Count 2: Attempted murder: 10 years' imprisonment.
[2] The applicant was legally represented throughout the trial. This matter comes before this court with an automatic right to appeal. The current appeal is against both the convictions and sentences.
[3] At the time, the complainant stayed in the house of her aunt (Mrs T N). N was the first witness for the State. N testified that the appellant is the uncle of the complainant and that he had been staying with them for some time in an outside room.
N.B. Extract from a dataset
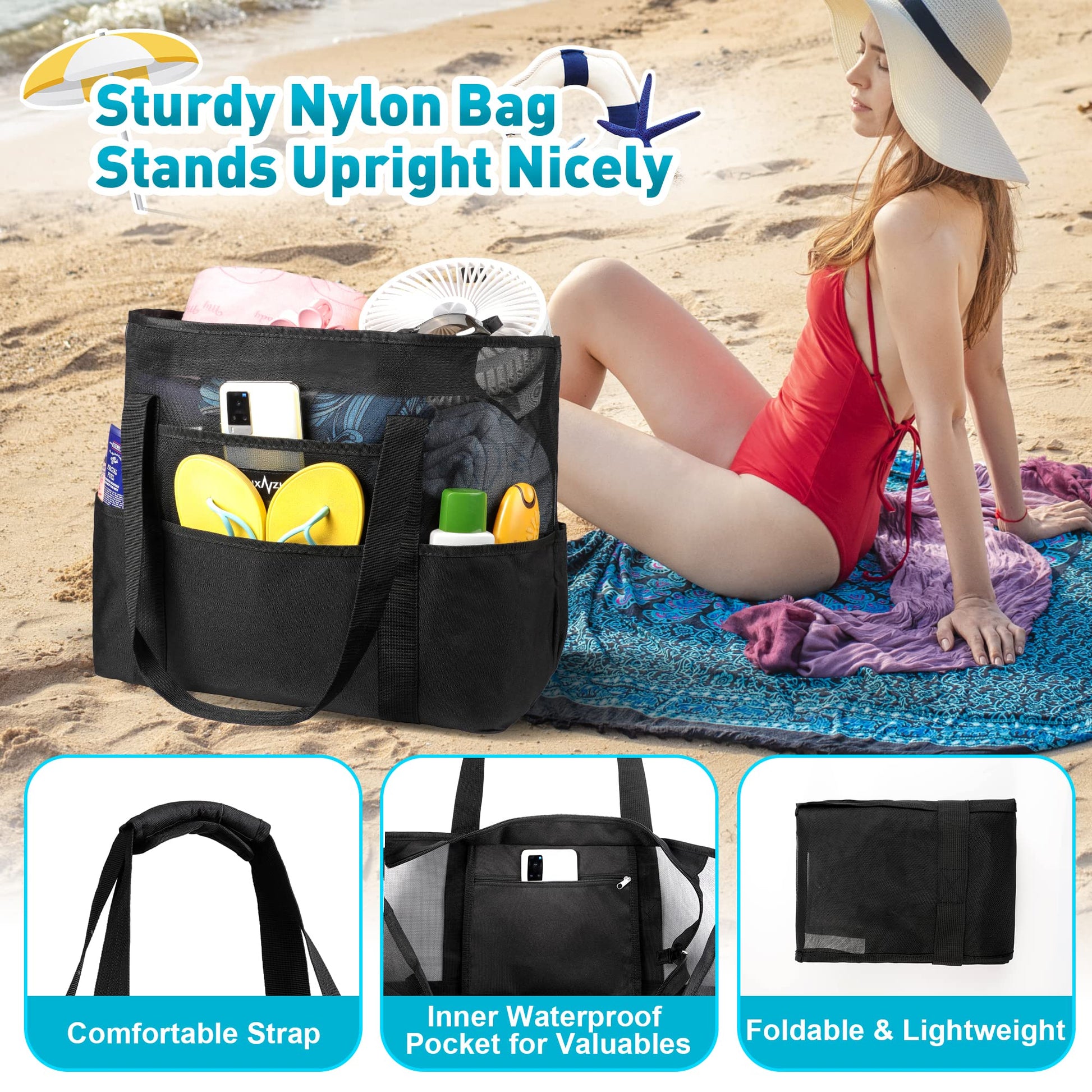 "【Versatile for Outdoor Activities】 Whether beach vacation, camping, sports events or shopping – this zippered beach bag is your reliable companion. The encrypted mesh structure provides security for valuables, while the lightweight design ensures maximum flexibility.",

[4] On 25 November 2010 the complainant was watching television with N and later indicated that she was going to sleep. N testified that at approximately 3H00 she heard a noise from the room of the complainant. When she entered the room she found the complainant on the floor with her panty around her ankles. The window was open. The complainant was dizzy and was unable to speak. She was taken to the clinic by N . On their arrival at the clinic the complainant started to bleed from her mouth. N testified that, when she managed to wake the victim up at the hospital, the victim immediately told her: " It is Sandile [the applicant] who did this to me". N also testified that the complainant had told her that she (the complainant) fought with the appellant and that the appellant bumped her against the wall and that he hit her with a metal pipe. N also observed semen on the legs of the complainant. N thereafter went to the Mamelodi East Police Station and reported the incident. The appellant was thereafter arrested.
[5] Regarding the night of the incident, the complainant confirmed that she had fair visibility in her room and that she was able to identify the person assaulting her as the appellant. She confirmed that he closed her mouth and that he raped her. When she fought back he hit her with a metal pipe. She testified that she became dizzy and that she was unable to scream as her throat was painful. After the appellant exited through the window her aunt came in and asked her what had happened. She confirmed that she was unable to answer her aunt. She testified that she received surgical stiches on her head and that she experienced severe pain as a result of the rape.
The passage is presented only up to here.